**** Records shown ****
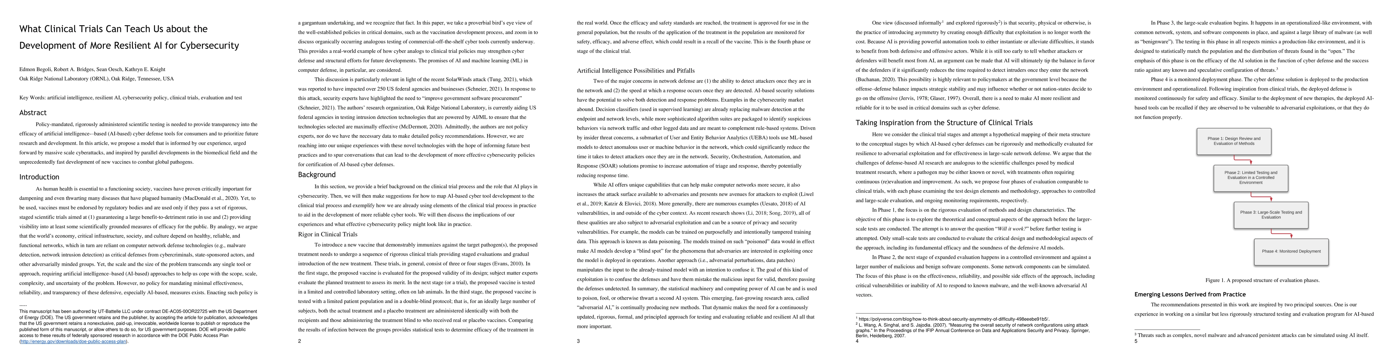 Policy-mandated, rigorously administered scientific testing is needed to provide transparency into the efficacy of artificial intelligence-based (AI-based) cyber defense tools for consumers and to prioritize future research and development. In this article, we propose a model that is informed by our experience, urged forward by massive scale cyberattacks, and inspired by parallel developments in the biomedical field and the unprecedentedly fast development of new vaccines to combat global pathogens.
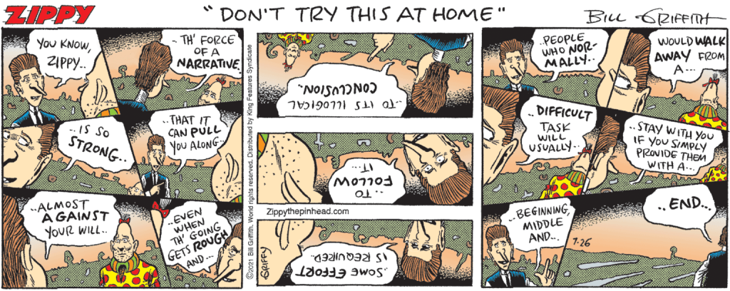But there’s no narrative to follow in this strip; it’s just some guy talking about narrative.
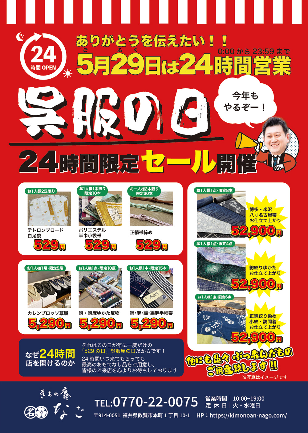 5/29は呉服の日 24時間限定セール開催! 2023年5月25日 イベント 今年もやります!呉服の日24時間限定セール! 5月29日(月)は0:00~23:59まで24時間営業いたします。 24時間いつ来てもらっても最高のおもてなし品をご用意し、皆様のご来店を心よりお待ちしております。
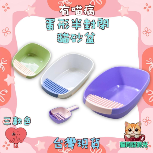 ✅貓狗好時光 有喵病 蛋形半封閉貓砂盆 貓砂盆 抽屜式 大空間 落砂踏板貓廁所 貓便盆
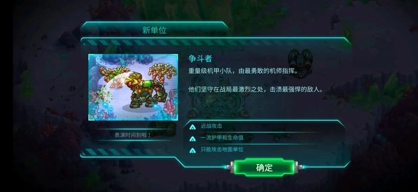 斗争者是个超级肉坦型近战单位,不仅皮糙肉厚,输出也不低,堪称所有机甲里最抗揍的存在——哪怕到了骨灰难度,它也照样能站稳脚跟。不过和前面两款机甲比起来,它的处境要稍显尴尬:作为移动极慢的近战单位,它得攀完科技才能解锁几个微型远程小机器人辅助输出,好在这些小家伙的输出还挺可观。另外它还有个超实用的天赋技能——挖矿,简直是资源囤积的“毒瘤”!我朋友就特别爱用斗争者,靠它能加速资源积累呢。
****
- _Exercise goal_
Take the entries shown above and quote them verbatim, passing over the pictures.

- _Answer section_
 Policy-mandated, rigorously administered scientific testing is needed to provide transparency into the efficacy of artificial intelligence-based (AI-based) cyber defense tools for consumers and to prioritize future research and development. In this article, we propose a model that is informed by our experience, urged forward by massive scale cyberattacks, and inspired by parallel developments in the biomedical field and the unprecedentedly fast development of new vaccines to combat global pathogens.
But there’s no narrative to follow in this strip; it’s just some guy talking about narrative.
 5/29は呉服の日 24時間限定セール開催! 2023年5月25日 イベント 今年もやります!呉服の日24時間限定セール! 5月29日(月)は0:00~23:59まで24時間営業いたします。 24時間いつ来てもらっても最高のおもてなし品をご用意し、皆様のご来店を心よりお待ちしております。
 ✅貓狗好時光 有喵病 蛋形半封閉貓砂盆 貓砂盆 抽屜式 大空間 落砂踏板貓廁所 貓便盆
 斗争者是个超级肉坦型近战单位,不仅皮糙肉厚,输出也不低,堪称所有机甲里最抗揍的存在——哪怕到了骨灰难度,它也照样能站稳脚跟。不过和前面两款机甲比起来,它的处境要稍显尴尬:作为移动极慢的近战单位,它得攀完科技才能解锁几个微型远程小机器人辅助输出,好在这些小家伙的输出还挺可观。另外它还有个超实用的天赋技能——挖矿,简直是资源囤积的“毒瘤”!我朋友就特别爱用斗争者,靠它能加速资源积累呢。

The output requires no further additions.